**Exercise instructions**. Transcribe the listing exactly as written. Leave the images out.

**Stored data**.
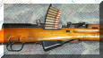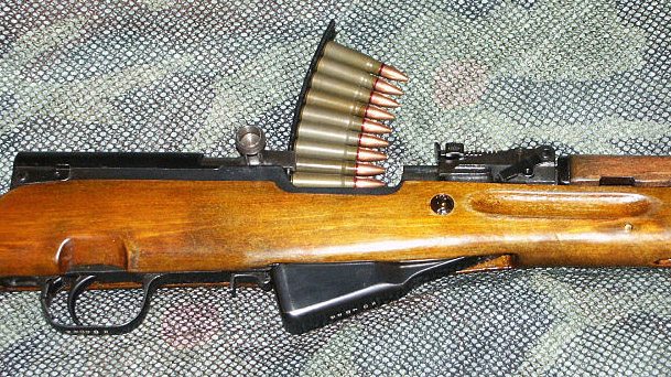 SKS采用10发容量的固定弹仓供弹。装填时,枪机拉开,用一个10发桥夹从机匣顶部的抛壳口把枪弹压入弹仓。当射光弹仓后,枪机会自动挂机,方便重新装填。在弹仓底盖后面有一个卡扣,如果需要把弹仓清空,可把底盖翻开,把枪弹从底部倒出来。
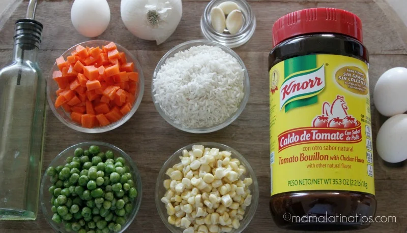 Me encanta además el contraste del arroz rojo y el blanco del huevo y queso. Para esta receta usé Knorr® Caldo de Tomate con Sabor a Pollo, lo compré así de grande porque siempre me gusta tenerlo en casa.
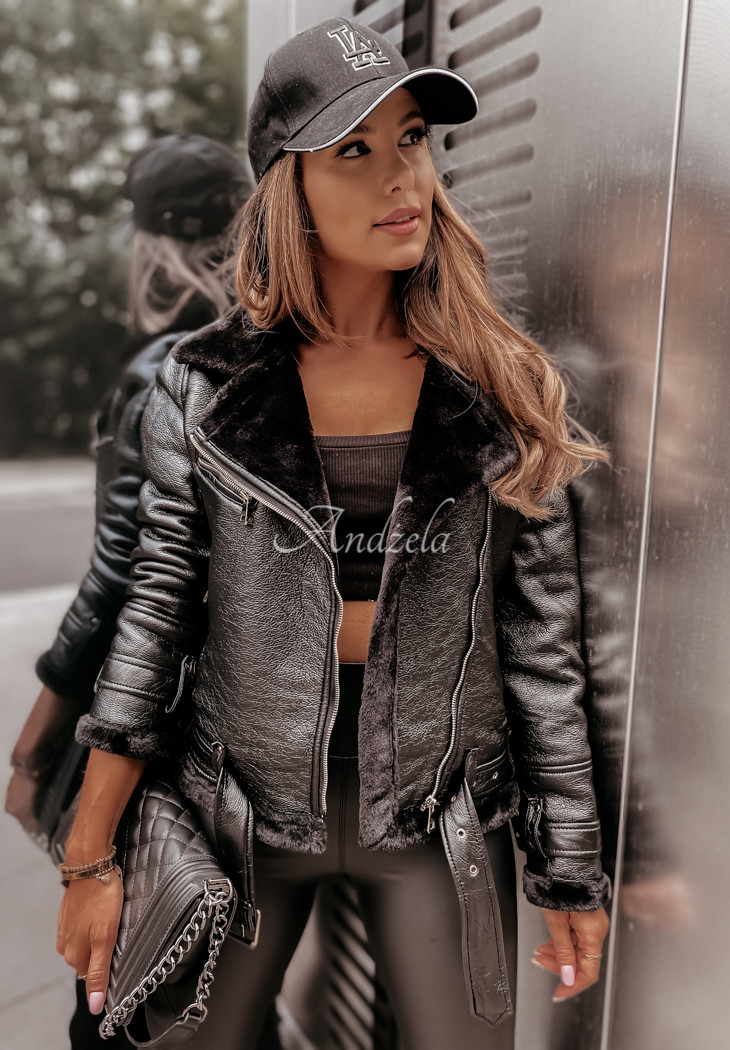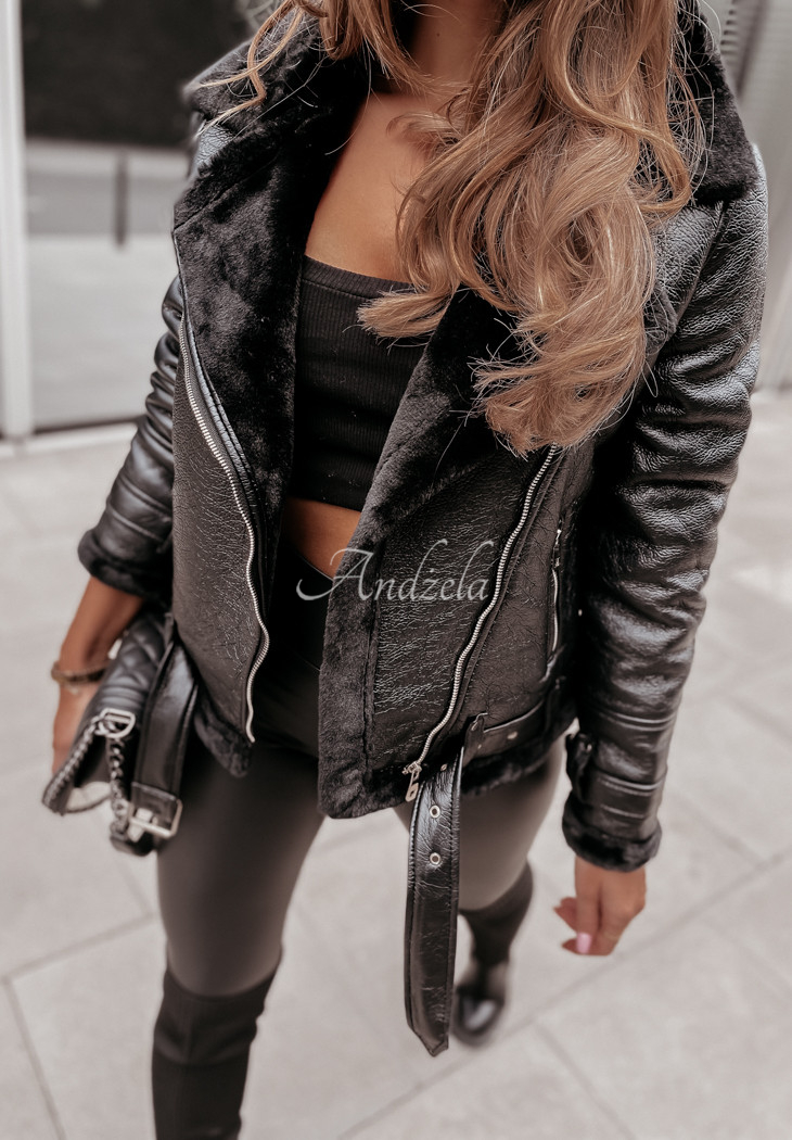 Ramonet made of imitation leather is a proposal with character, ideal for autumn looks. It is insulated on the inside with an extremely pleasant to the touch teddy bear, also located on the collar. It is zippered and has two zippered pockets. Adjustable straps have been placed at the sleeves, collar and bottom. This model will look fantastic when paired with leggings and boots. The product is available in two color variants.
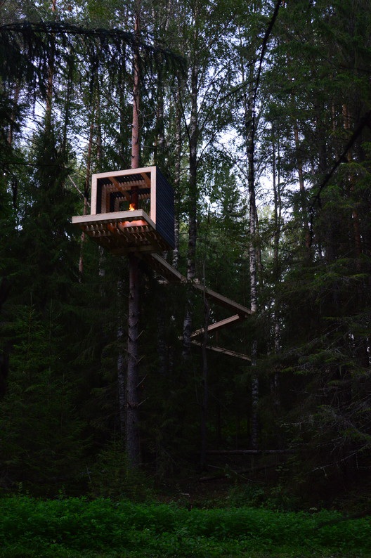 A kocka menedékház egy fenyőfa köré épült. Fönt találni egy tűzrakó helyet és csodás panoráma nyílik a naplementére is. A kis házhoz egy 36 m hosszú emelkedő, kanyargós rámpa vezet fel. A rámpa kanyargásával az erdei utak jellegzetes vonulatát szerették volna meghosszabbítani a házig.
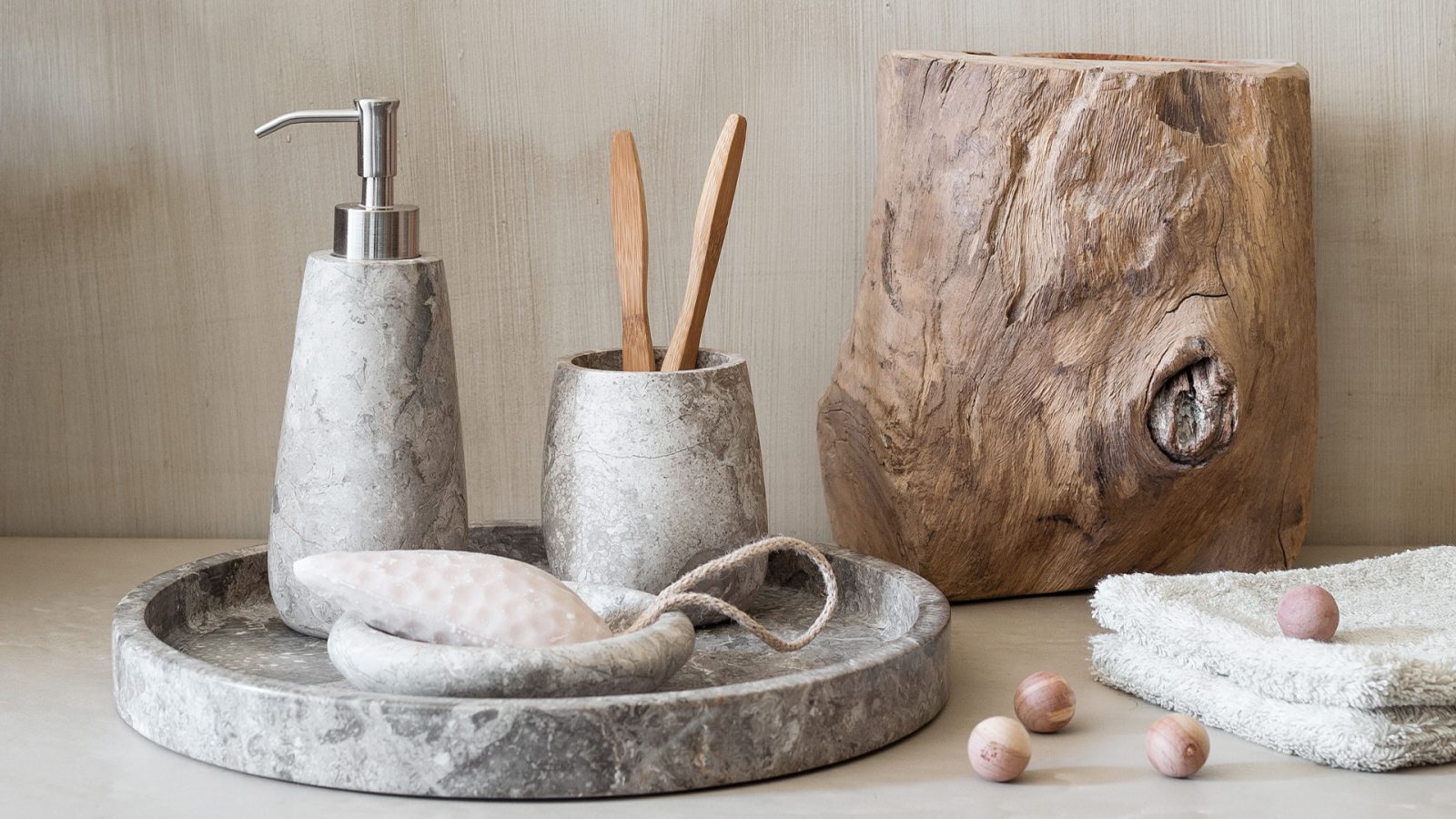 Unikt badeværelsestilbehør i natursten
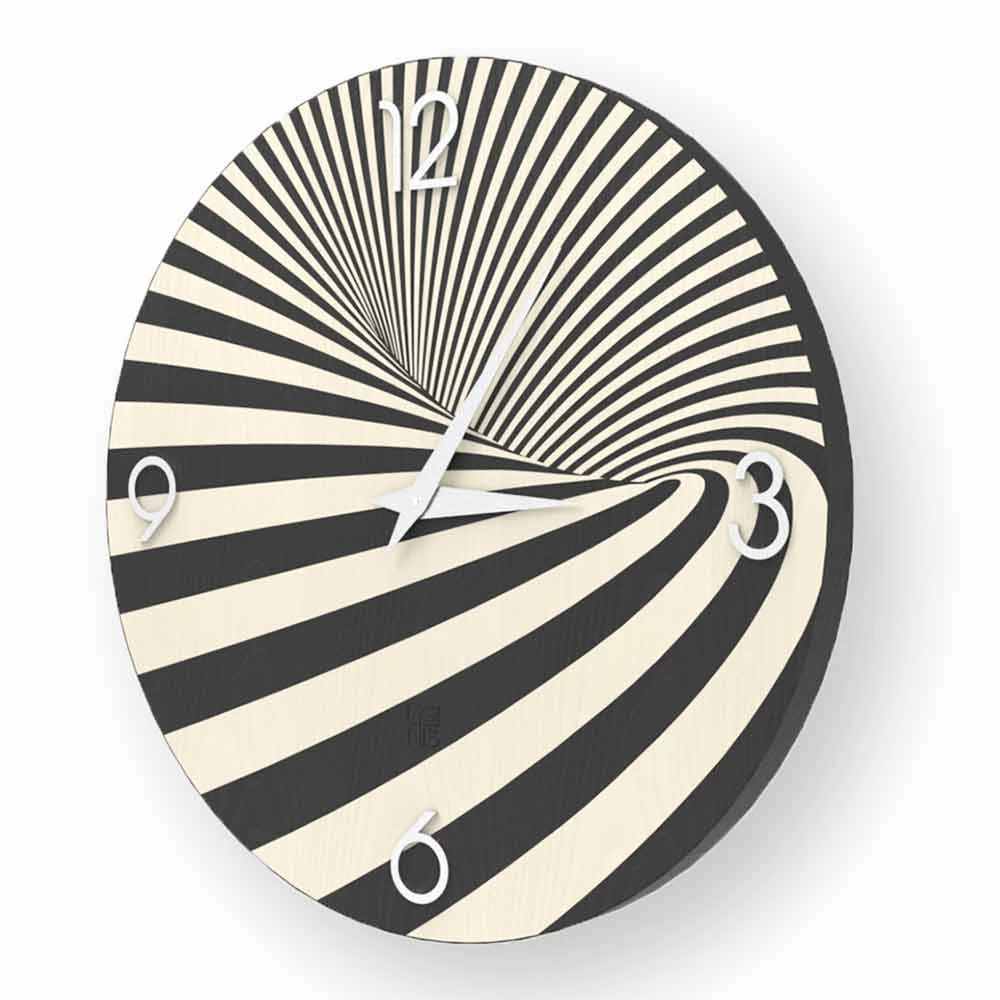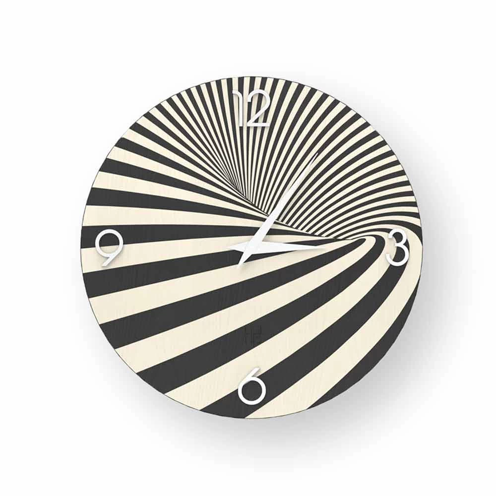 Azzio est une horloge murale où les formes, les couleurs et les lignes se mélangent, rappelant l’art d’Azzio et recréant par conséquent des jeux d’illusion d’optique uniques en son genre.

**Exercise result**.
 SKS采用10发容量的固定弹仓供弹。装填时,枪机拉开,用一个10发桥夹从机匣顶部的抛壳口把枪弹压入弹仓。当射光弹仓后,枪机会自动挂机,方便重新装填。在弹仓底盖后面有一个卡扣,如果需要把弹仓清空,可把底盖翻开,把枪弹从底部倒出来。
 Me encanta además el contraste del arroz rojo y el blanco del huevo y queso. Para esta receta usé Knorr® Caldo de Tomate con Sabor a Pollo, lo compré así de grande porque siempre me gusta tenerlo en casa.
 Ramonet made of imitation leather is a proposal with character, ideal for autumn looks. It is insulated on the inside with an extremely pleasant to the touch teddy bear, also located on the collar. It is zippered and has two zippered pockets. Adjustable straps have been placed at the sleeves, collar and bottom. This model will look fantastic when paired with leggings and boots. The product is available in two color variants.
 A kocka menedékház egy fenyőfa köré épült. Fönt találni egy tűzrakó helyet és csodás panoráma nyílik a naplementére is. A kis házhoz egy 36 m hosszú emelkedő, kanyargós rámpa vezet fel. A rámpa kanyargásával az erdei utak jellegzetes vonulatát szerették volna meghosszabbítani a házig.
 Unikt badeværelsestilbehør i natursten
 Azzio est une horloge murale où les formes, les couleurs et les lignes se mélangent, rappelant l’art d’Azzio et recréant par conséquent des jeux d’illusion d’optique uniques en son genre.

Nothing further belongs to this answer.